This package aims to be a complete solution for OpenCL programming in Julia, similar in scope to PyOpenCL for Python. It provides a high level api for OpenCL to make programing GPU's and multicore CPU's much less onerous.

OpenCL.jl provides access to OpenCL API versions 1.0, 1.1, 1.2 and 2.0.

This package is based off the work of others:

OpenCL.jl has had contributions from many developers.

Currently supported Julia versions

  • Julia v"0.4.x" is supported on the release-0.4 branch and the OpenCL.jl versions v"0.4.x". Only bug-fixes will be applied.
  • Julia v"0.5.x" is supported on the master branch and the OpenCL.jl versions v"0.5.x".
  • Julia v"0.6.x" is experimentally supported on the master branch and the OpenCL.jl versions v"0.5.x".

Discontinued support

  • Julia v"0.3.x" was supported on OpenCL.jl versions v"0.3.x". It should still be installable and work.

Setup

  1. Install an OpenCL driver. If you use OSX, OpenCL is already available
  2. Checkout the packages from the Julia repl
  Pkg.add("OpenCL")
  1. OpenCL will be installed in your .julia directory
  2. cd into your .julia directory to run the tests and try out the examples
  3. To update to the latest development version, from the Julia repl:
  Pkg.update()

IJulia Notebooks

Quick Example

using OpenCL

const sum_kernel = "
   __kernel void sum(__global const float *a,
                     __global const float *b,
                     __global float *c)
    {
      int gid = get_global_id(0);
      c[gid] = a[gid] + b[gid];
    }
"
a = rand(Float32, 50_000)
b = rand(Float32, 50_000)

device, ctx, queue = cl.create_compute_context()

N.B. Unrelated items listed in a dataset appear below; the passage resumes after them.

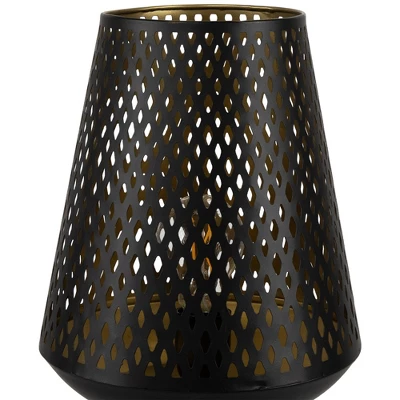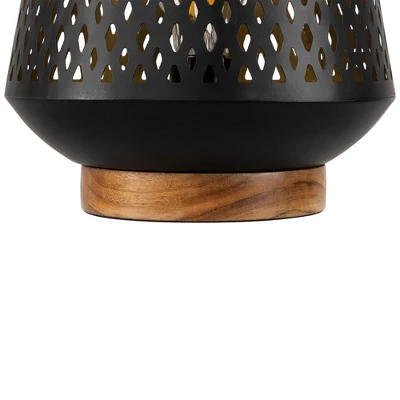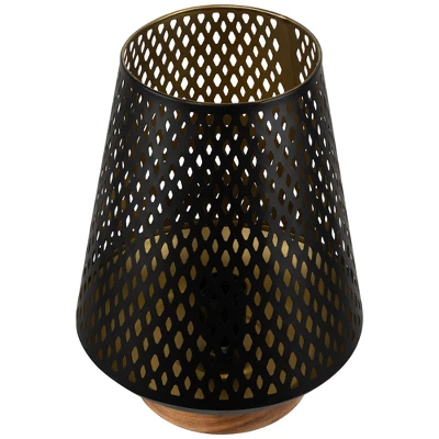 Discover the perfect blend of modern elegance and rustic charm with this iron table lamp. Featuring a laser-cut diamond pattern, this lamp casts intricate shadows that add a touch of sophistication to any space. The black and gold finish enhances its contemporary appeal, while the sturdy wood base brings warmth and stability. Ideal for living rooms, bedrooms, or offices, this table lamp is a stylish and functional addition to your decor.Product Features:Base: E26Lamp uses (1) 60 watt bulbs – not included2-way button switchWire color: blackCord length: 7.5′ UL listed for indoor use 120 volts, 60 hertz, 7 wattsDimensions: 11″H x 9”W x 9”DMaterial(s): iron/wood
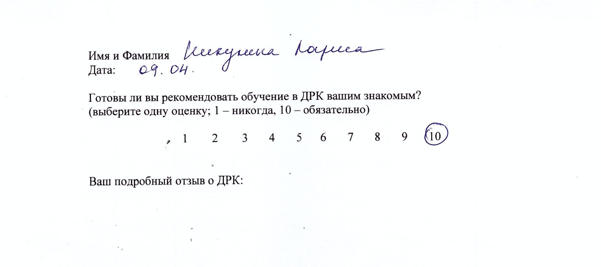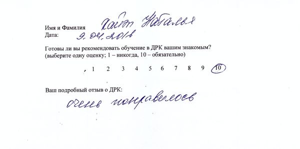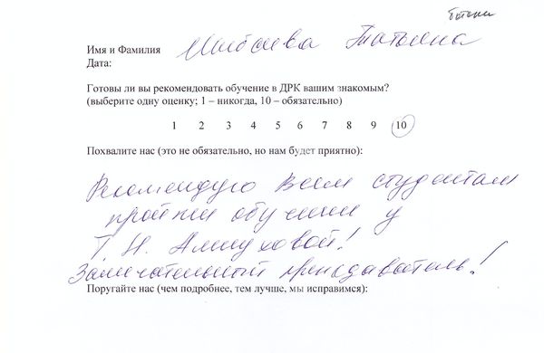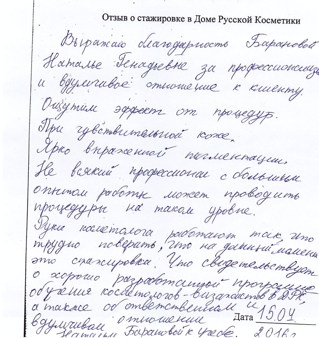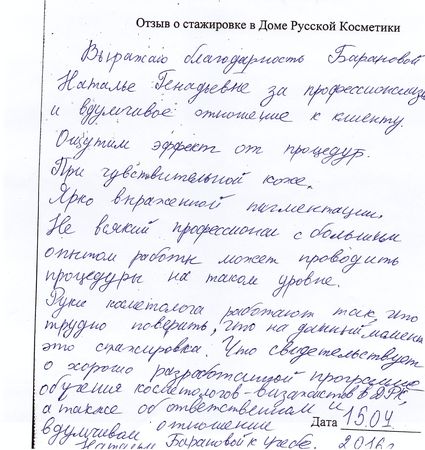 Выражаю благодарность Барановой Наталье Геннадьевне за профессионализм и вдумчивое отношение к клиенту. Ощутим эффект от процедур. При чувствительной коже, ярко выраженной пигментации. Не всякий профессионал с большим опытом работы может проводить процедуры на таком уровне. Руки косметолога работают так, что трудно поверить, что на данный момент это стажировка. Что свидетельствует о хорошо разработанной программе обучения косметологов-визажистов в ДРК, а также об ответственном и вдумчивом отношении Натальи Барановой к учёбе.
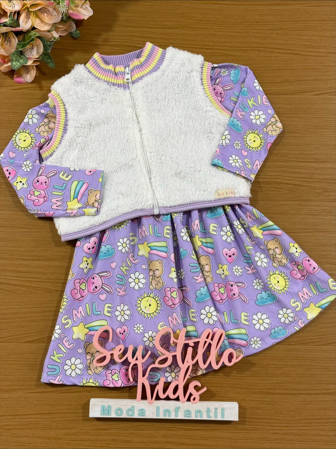 Vestido Infantil Kukie Inverno Smile com Colete Pelinhos
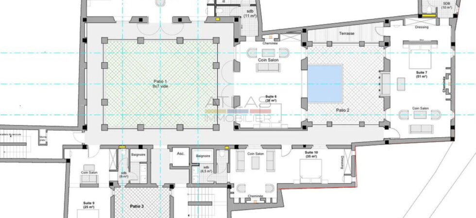 Le projet prévoit 10 suites, dont la plus vaste développe 72 m², chacune avec salle de bain, toilettes, cheminée et dressing.
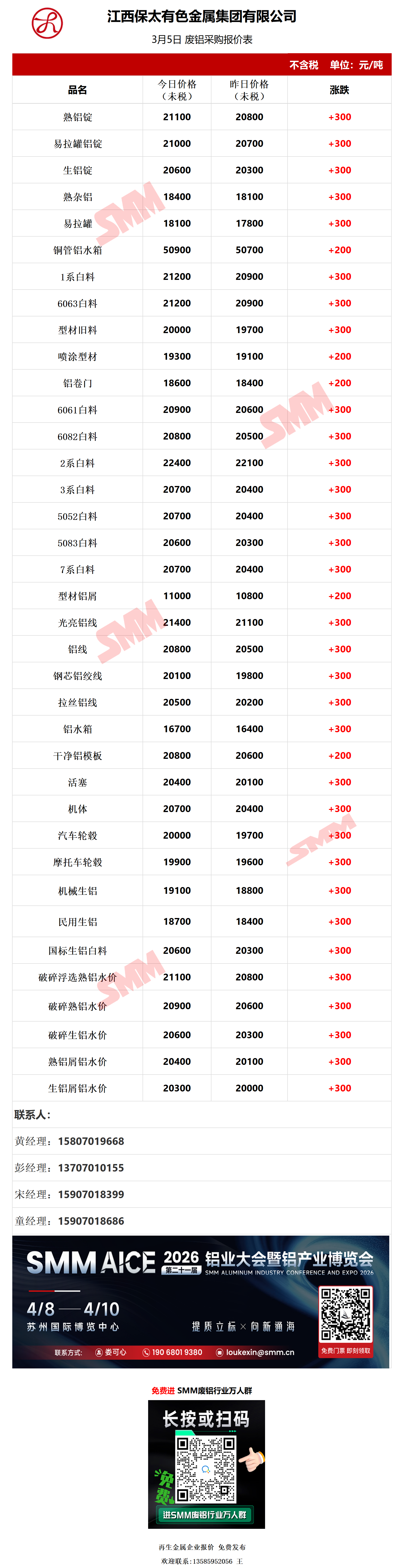 3月5日江西保太 废铝采购报价
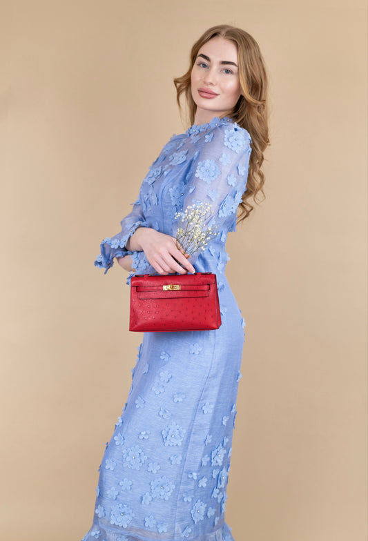 Hermès Kelly Pochette Ostrich in Rouge Vif GHW

a_buff = cl.Buffer(Float32, ctx, (:r, :copy), hostbuf=a)
b_buff = cl.Buffer(Float32, ctx, (:r, :copy), hostbuf=b)
c_buff = cl.Buffer(Float32, ctx, :w, length(a))

p = cl.Program(ctx, source=sum_kernel) |> cl.build!
k = cl.Kernel(p, "sum")

queue(k, size(a), nothing, a_buff, b_buff, c_buff)

r = cl.read(queue, c_buff)

if isapprox(norm(r - (a+b)), zero(Float32))
    info("Success!")
else
    error("Norm should be 0.0f")
end